|
|
|
|
|
by cyberpunk
230 days ago
|
|
> Most systems handle this defensively with locks and runtime validation. So i work at an org with 1000s of terraform repos, we use the enterprise version which locks workspaces during runs etc. everywhere else i’ve worked, we either just use some lock mechanism or only do applies from a specific branch and CI enforces they run one at a time. My question is: who is this aimed at and what problem is it actually solving? Running terraform isn’t difficult - thousands of orgs handle it no problem - the issues I have with it with it have never been around lock contention and race conditions.. |
|
As you said, the common practice is to use locks on state to guarantee that operations don't step on each other. This works, however the cost is that if it takes 5 minutes to perform an operation, only one person can be doing an operation at a time, so if 5 devs are modifying infrastructure, the last one has to wait 25 minutes just to get back the plan, even if those 5 people are not changing overlapping resources in the state.
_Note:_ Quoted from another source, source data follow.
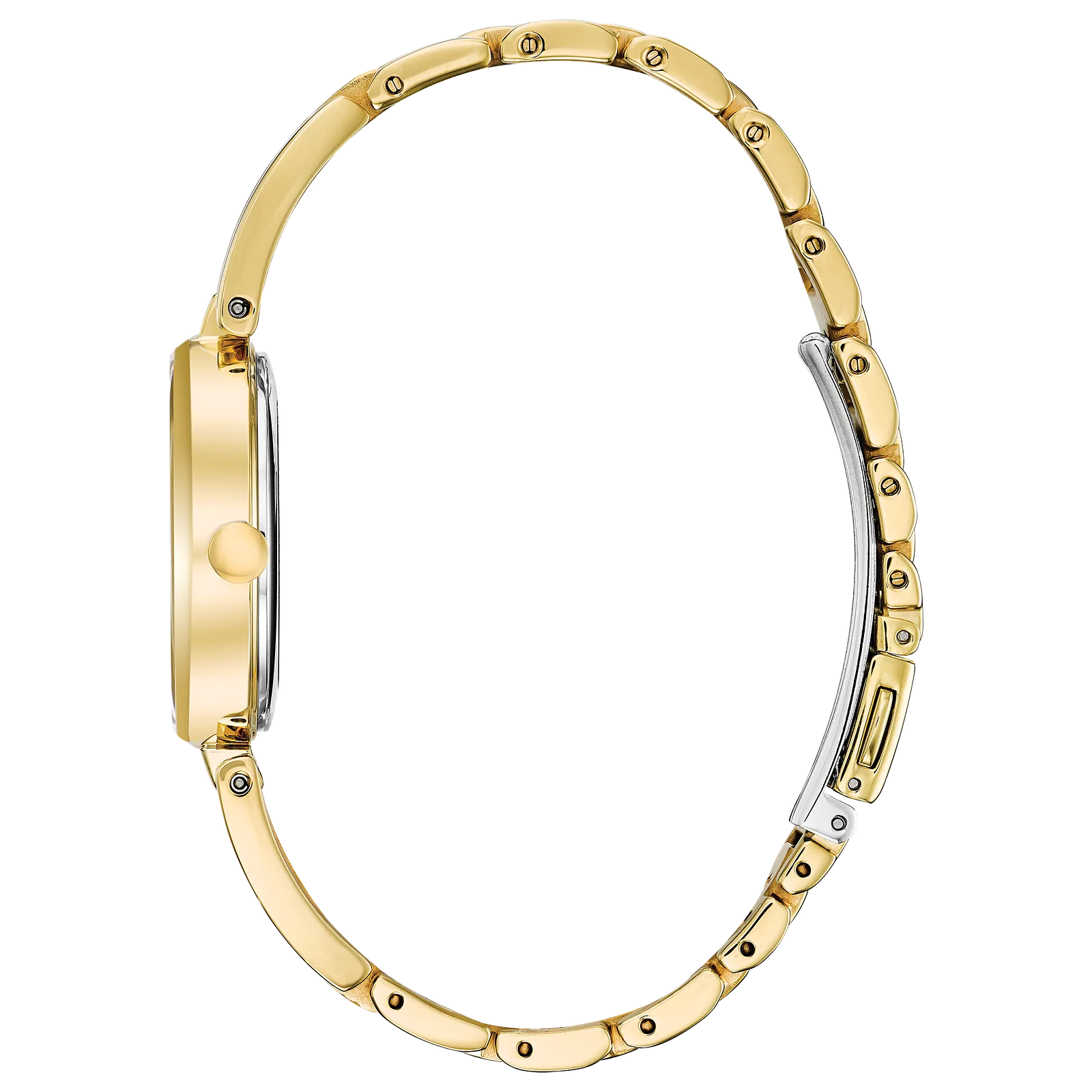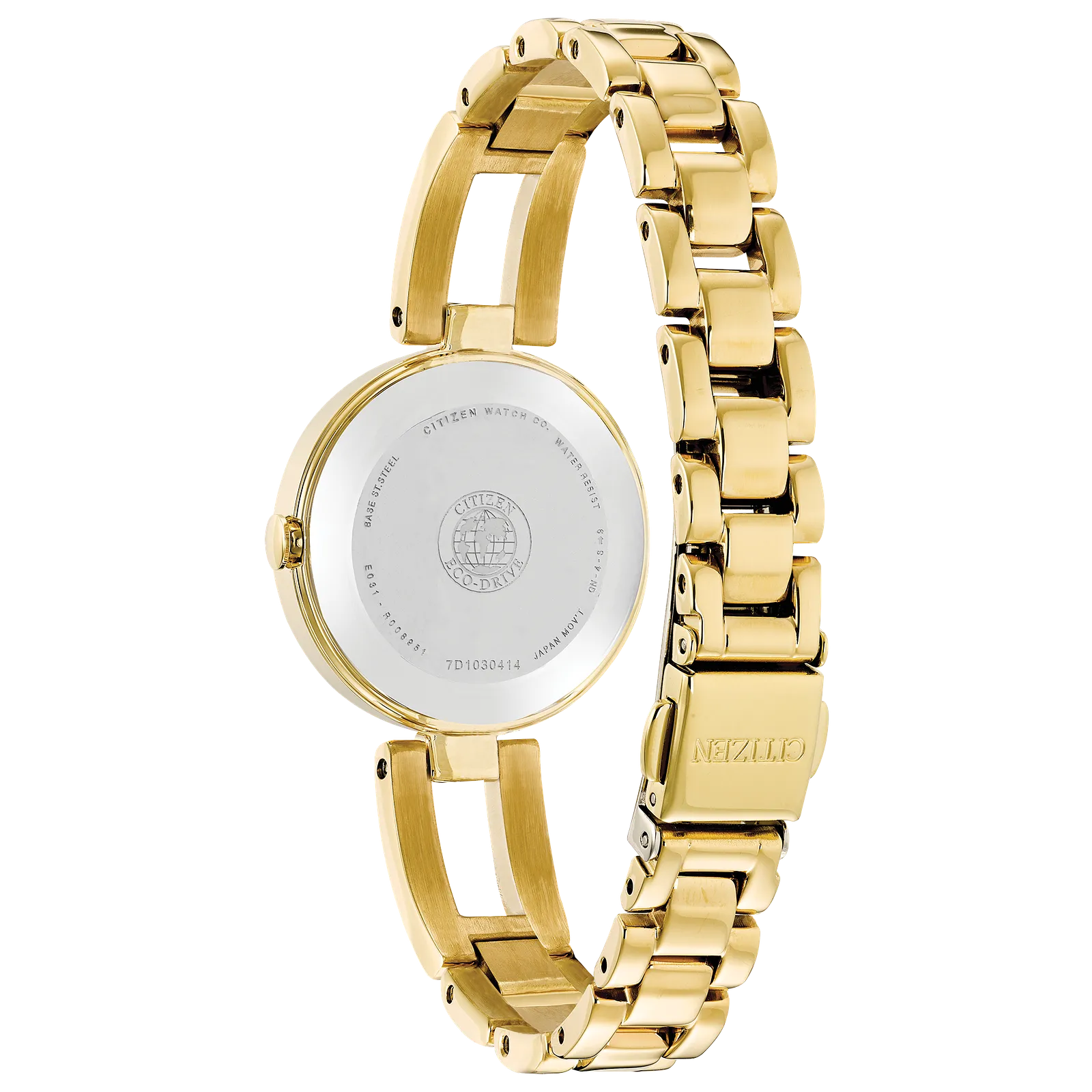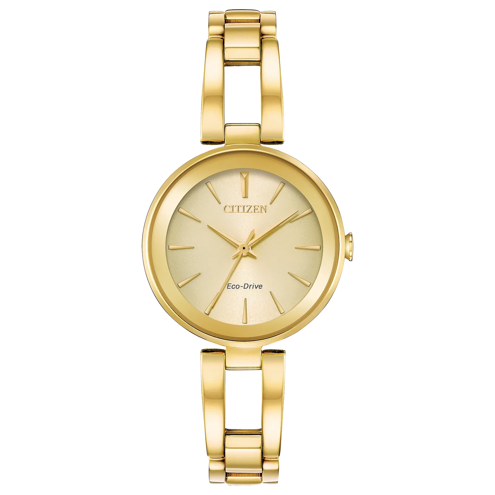 Axiom's refined yet sleek design offers a day-to-night fashion option with edge-to-edge glass design for the modern trendsetter. This timepiece, with Eco-Drive technology, features with ladies' gold-tone stainless steel case and bracelet with complementing champagne dial. Featuring our Eco-Drive technology – powered by light, any light. Never needs a battery. Caliber number E031.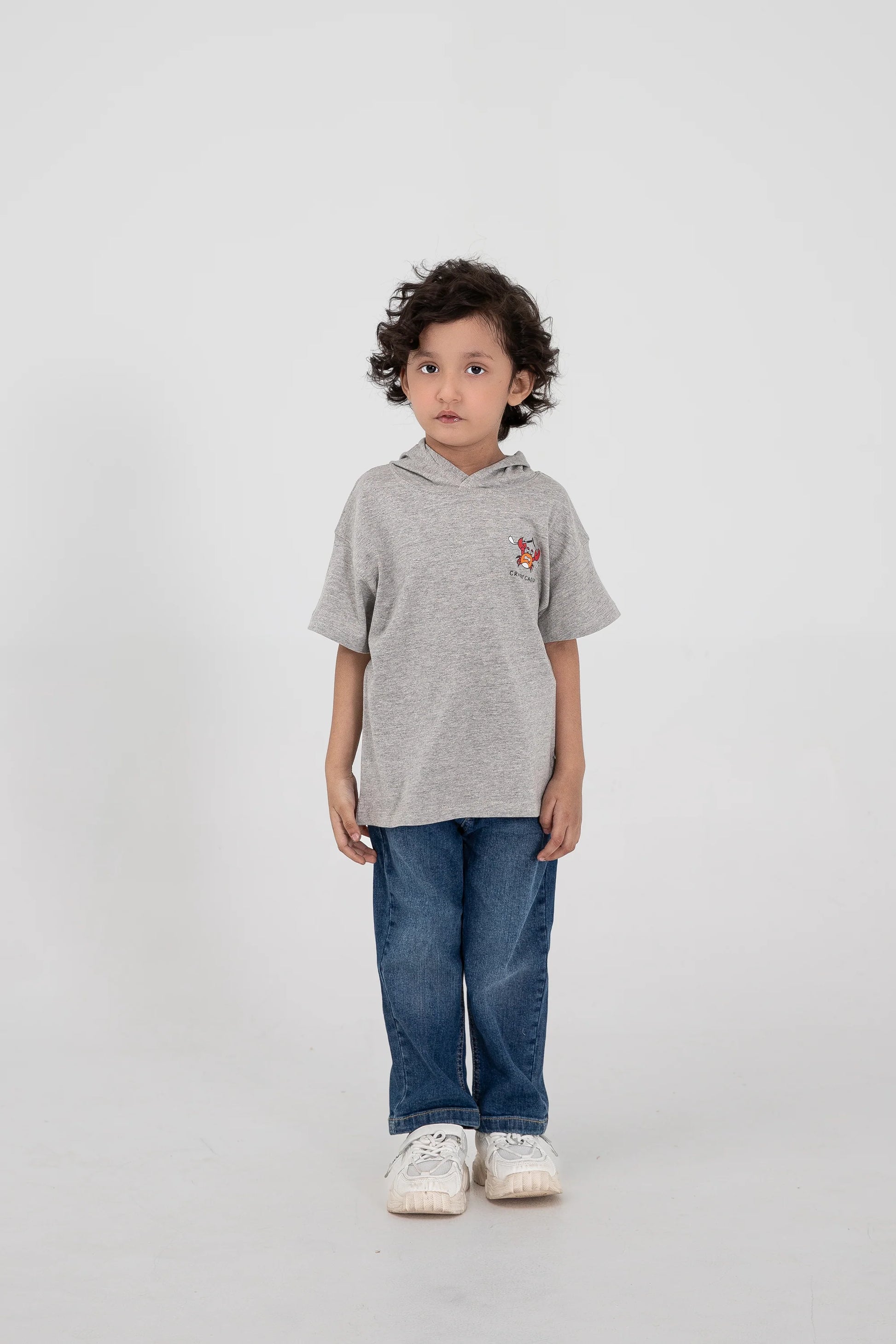 Whether he's on the move or just kicking back, this grey hooded t-shirt ensures maximum comfort and style. The jersey knit fabric provides a soft, breathable fit, while the attached hood adds an urban-inspired edge. Perfect for pairing with jeans or joggers for a cool, laid-back look.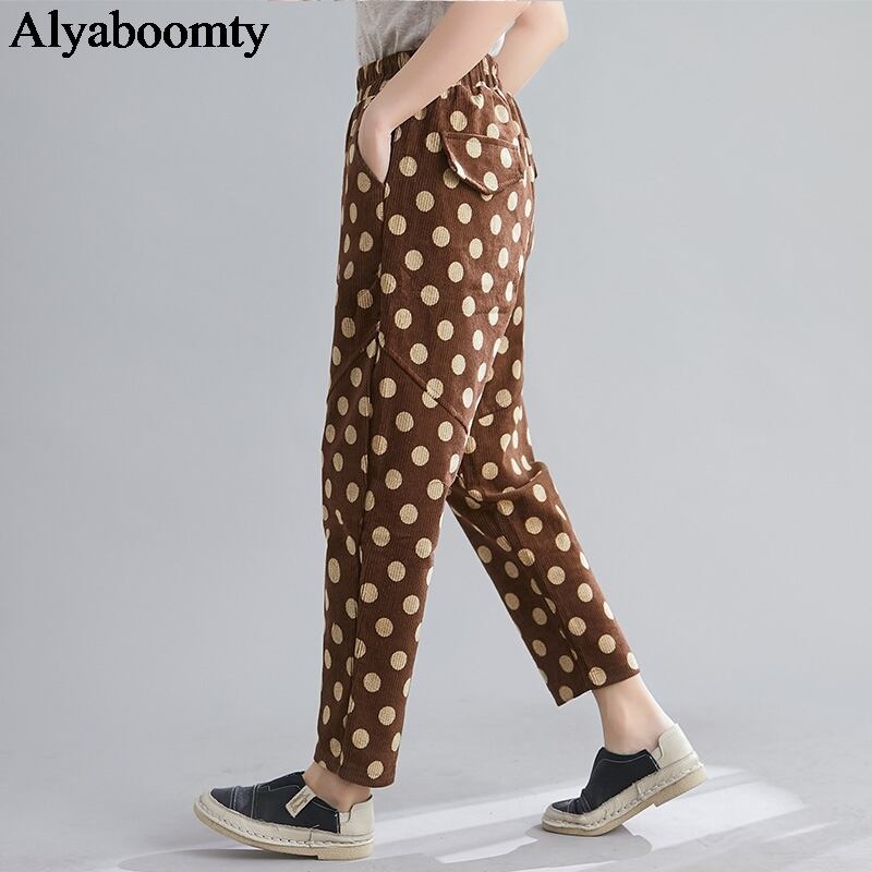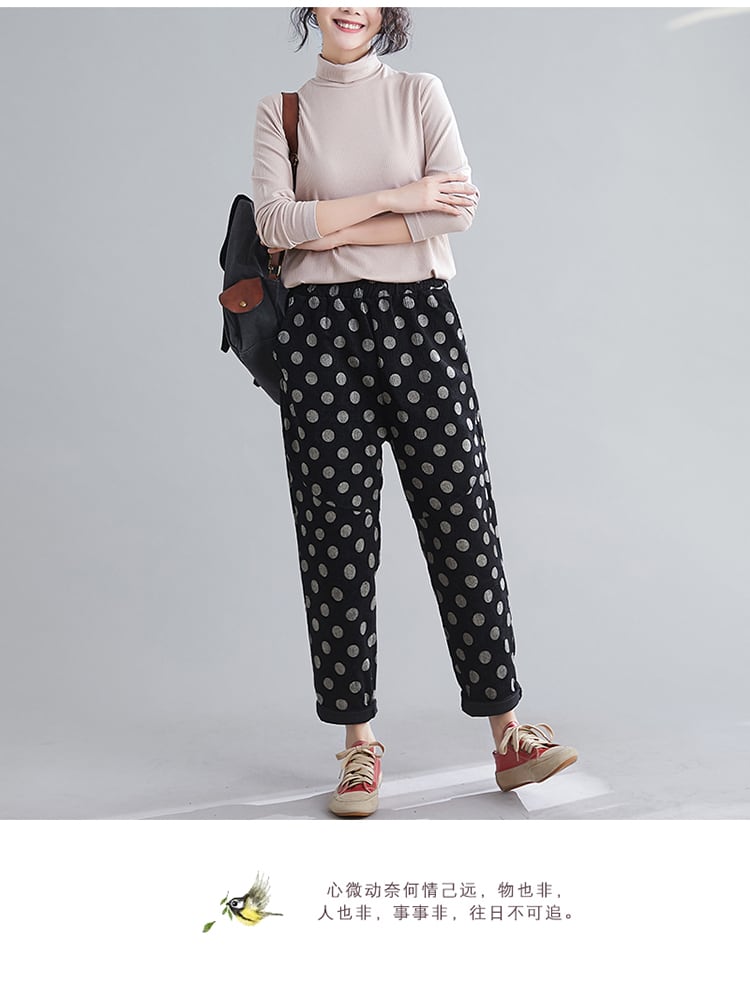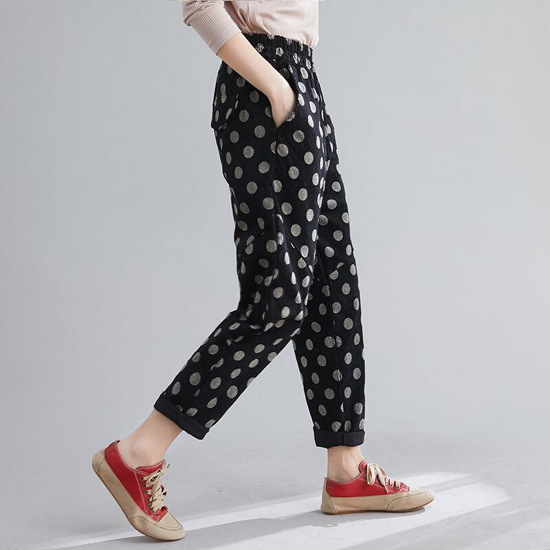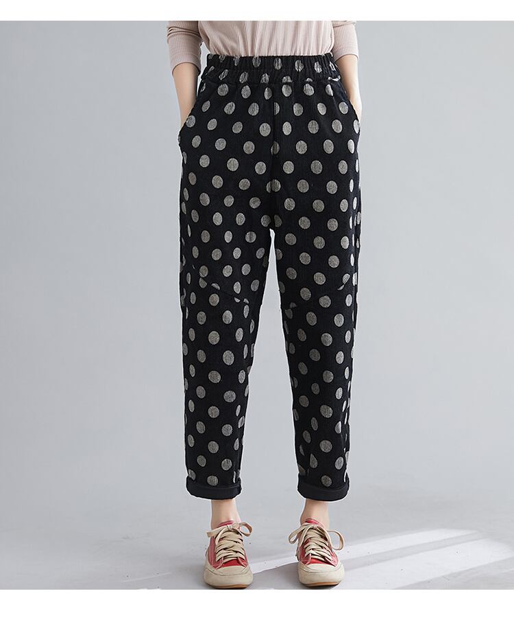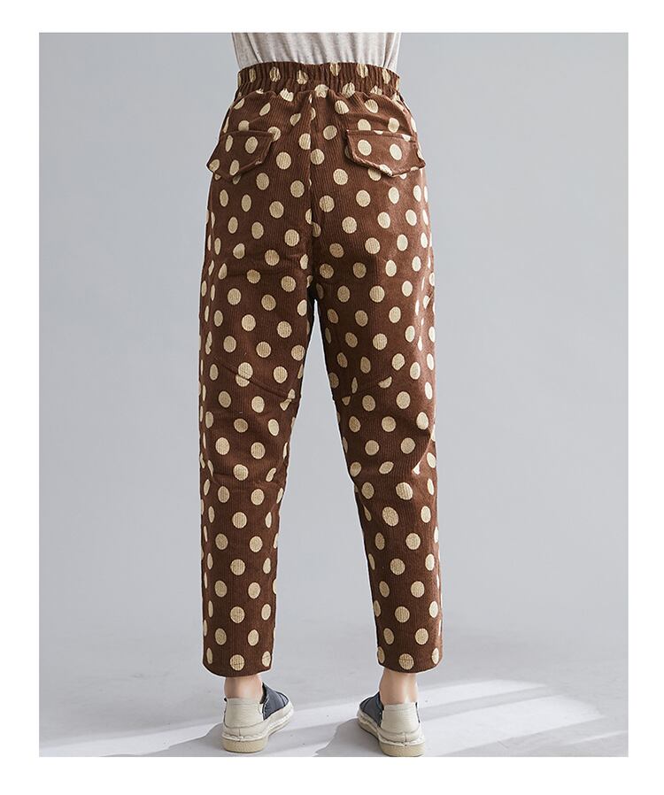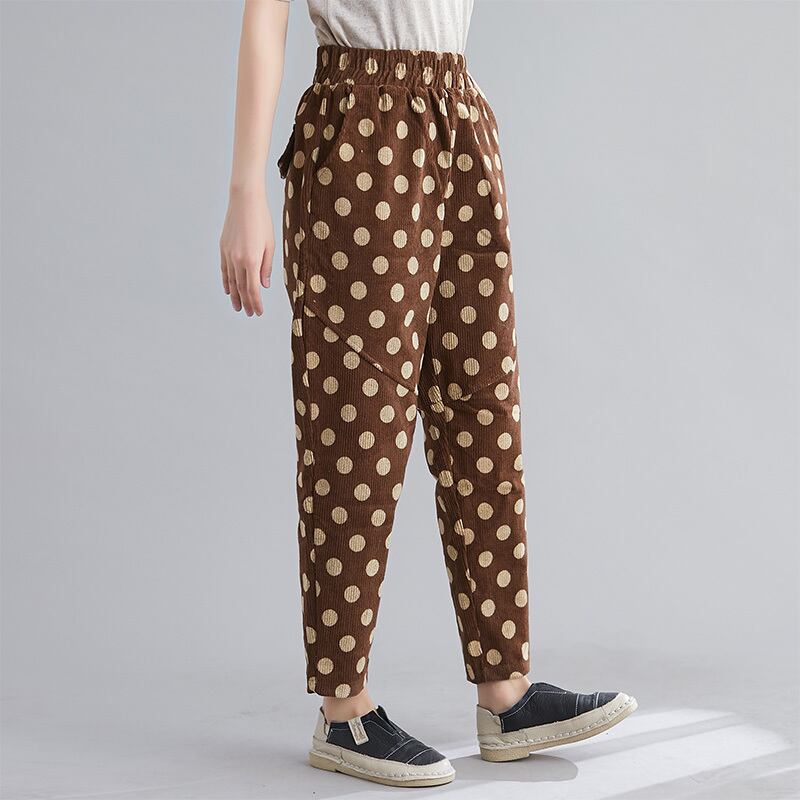 送料無料୨♥୧ オータムウィンターレディースルーズウェストブラウンブラック水玉パンツ ヴィンテージ 秋物 冬物 ビンテージ AOS85000653493

The way that most people deal with this is they take their infrastructure and break it up across multiple root modules, and then when those root modules, break it up again, etc.
Stategraph is solving the problem of getting all of the performance benefits of breaking up your root modules without breaking up your root modules. It dynamically determines which resources each of those 5 devs are operation on and, if the resources do not overlap, can run them in parallel.
That means Stategraph is manipulating state in a bit more sophisticated way than standard Terraform/Tofu, and we need to be careful we don't get it wrong.